┌──
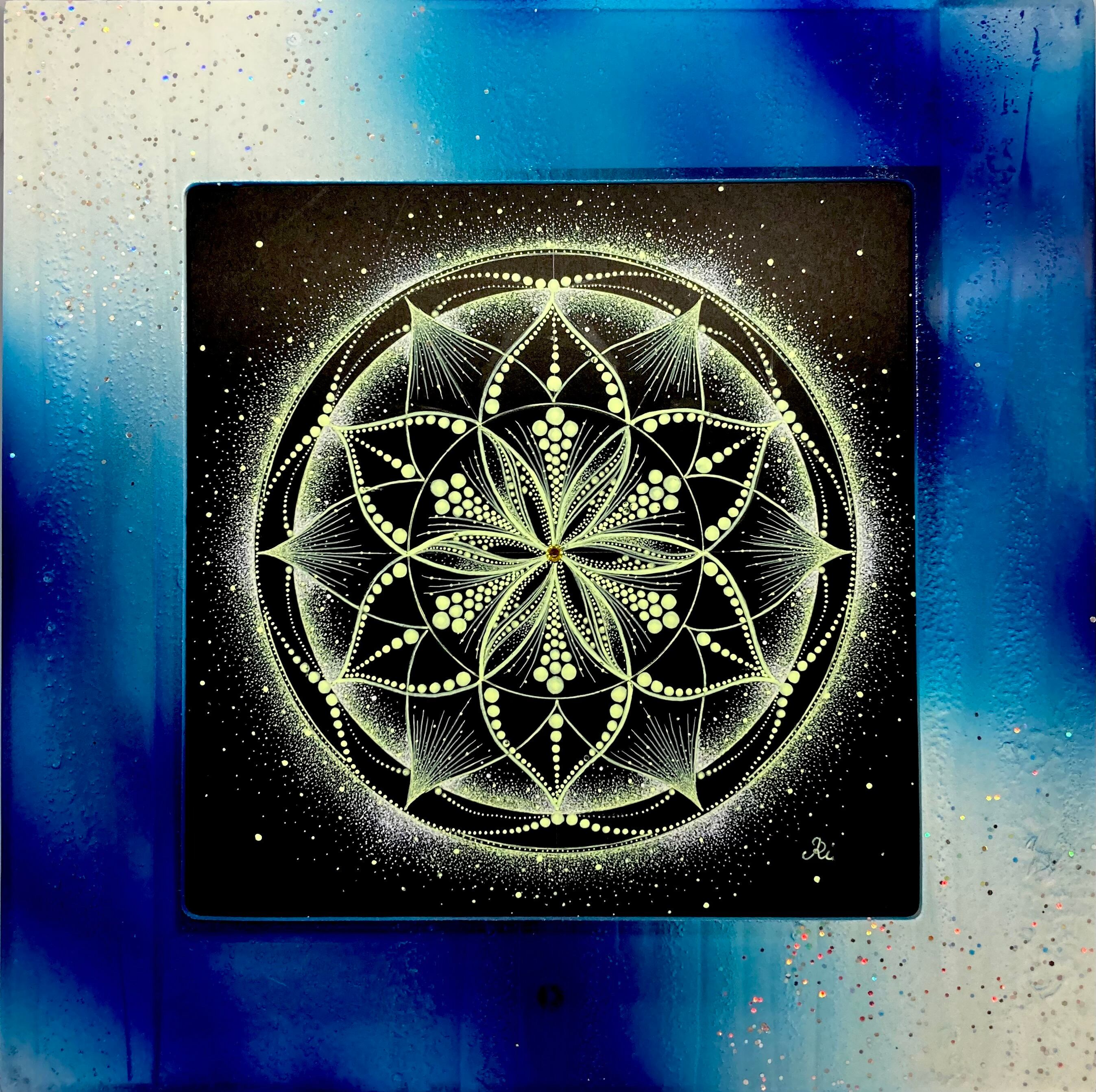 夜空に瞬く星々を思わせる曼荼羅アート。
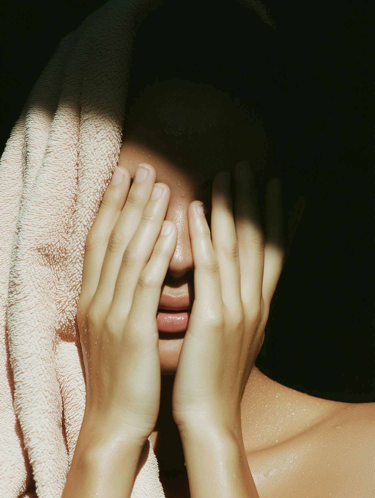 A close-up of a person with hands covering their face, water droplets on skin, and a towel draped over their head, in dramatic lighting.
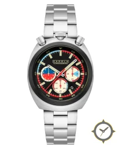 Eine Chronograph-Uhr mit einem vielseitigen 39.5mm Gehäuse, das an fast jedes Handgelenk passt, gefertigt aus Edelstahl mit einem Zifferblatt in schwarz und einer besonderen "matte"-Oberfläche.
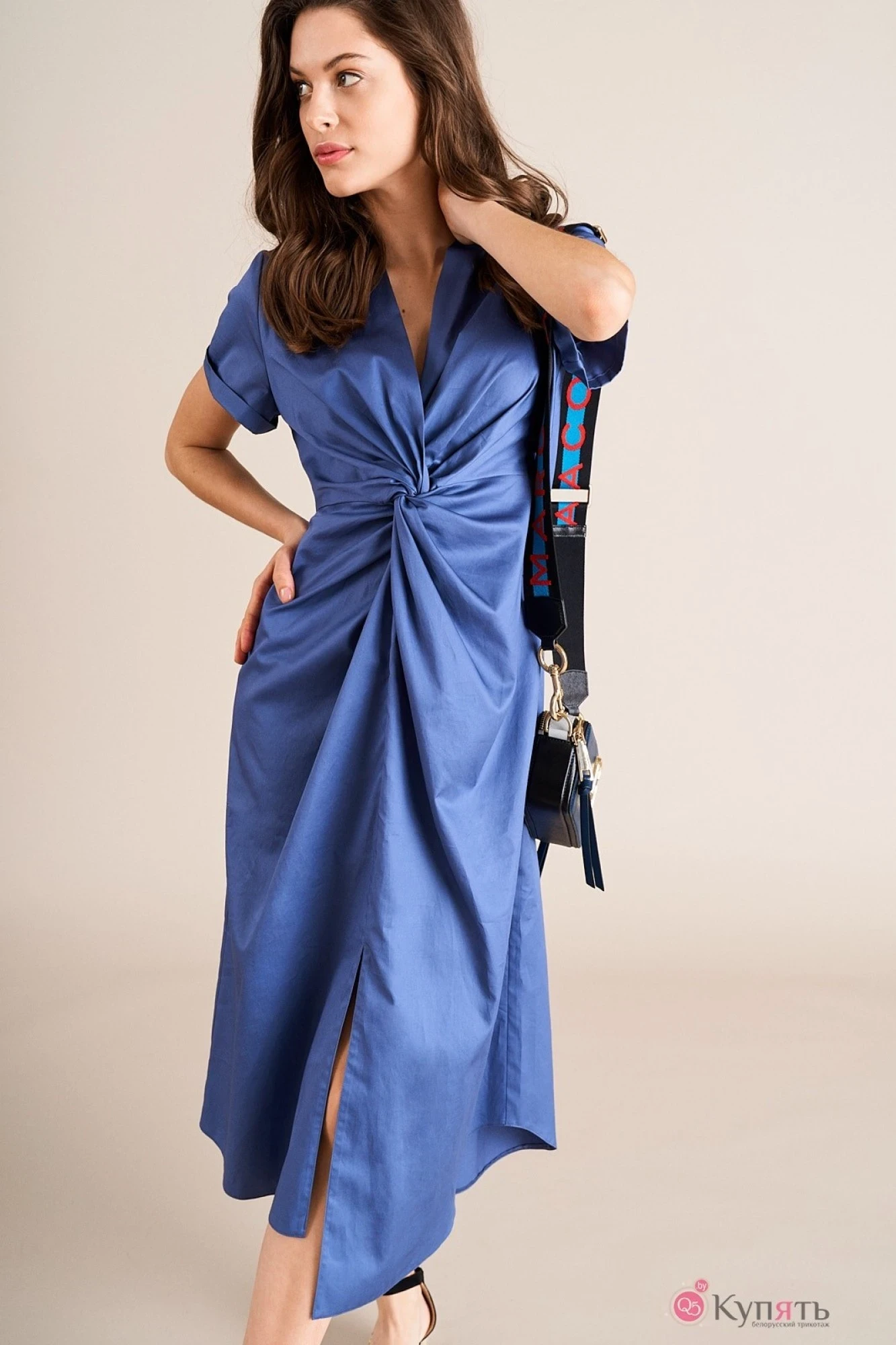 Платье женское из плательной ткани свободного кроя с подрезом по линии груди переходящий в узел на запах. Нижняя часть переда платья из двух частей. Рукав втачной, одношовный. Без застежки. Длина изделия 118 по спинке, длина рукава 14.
└──
┌──
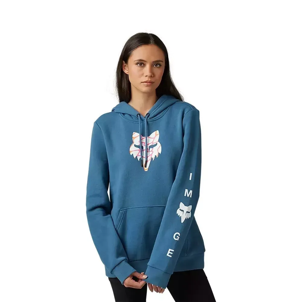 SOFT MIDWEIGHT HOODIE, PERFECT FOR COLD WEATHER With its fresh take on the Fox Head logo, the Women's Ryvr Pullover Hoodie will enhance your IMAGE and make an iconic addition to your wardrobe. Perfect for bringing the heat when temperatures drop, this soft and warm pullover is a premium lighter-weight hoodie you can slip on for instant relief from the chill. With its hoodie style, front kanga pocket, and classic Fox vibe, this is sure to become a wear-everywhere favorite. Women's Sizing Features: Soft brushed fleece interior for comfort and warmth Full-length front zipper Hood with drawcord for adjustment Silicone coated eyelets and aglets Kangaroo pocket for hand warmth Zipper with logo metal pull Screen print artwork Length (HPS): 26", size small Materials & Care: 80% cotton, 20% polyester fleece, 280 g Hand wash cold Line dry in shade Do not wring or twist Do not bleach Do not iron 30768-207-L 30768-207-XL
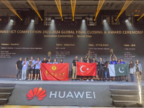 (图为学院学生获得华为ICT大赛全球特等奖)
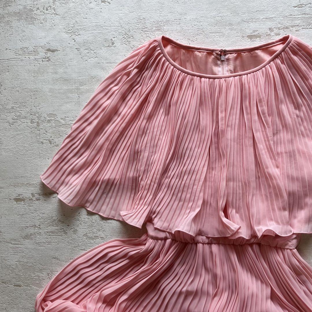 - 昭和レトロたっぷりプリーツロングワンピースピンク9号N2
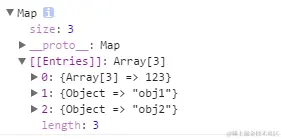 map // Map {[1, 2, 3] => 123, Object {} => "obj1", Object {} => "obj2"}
└──
WHAT IS EXPECTED
Range to copy from the listing above: the line with "夜空に瞬く星々を思わせる曼荼羅アート。" through the line with "Eine Chronograph-Uhr mit". Transcribe it exactly and skip the pictures.

EXERCISE RESULT
 夜空に瞬く星々を思わせる曼荼羅アート。
 A close-up of a person with hands covering their face, water droplets on skin, and a towel draped over their head, in dramatic lighting.
 Eine Chronograph-Uhr mit einem vielseitigen 39.5mm Gehäuse, das an fast jedes Handgelenk passt, gefertigt aus Edelstahl mit einem Zifferblatt in schwarz und einer besonderen "matte"-Oberfläche.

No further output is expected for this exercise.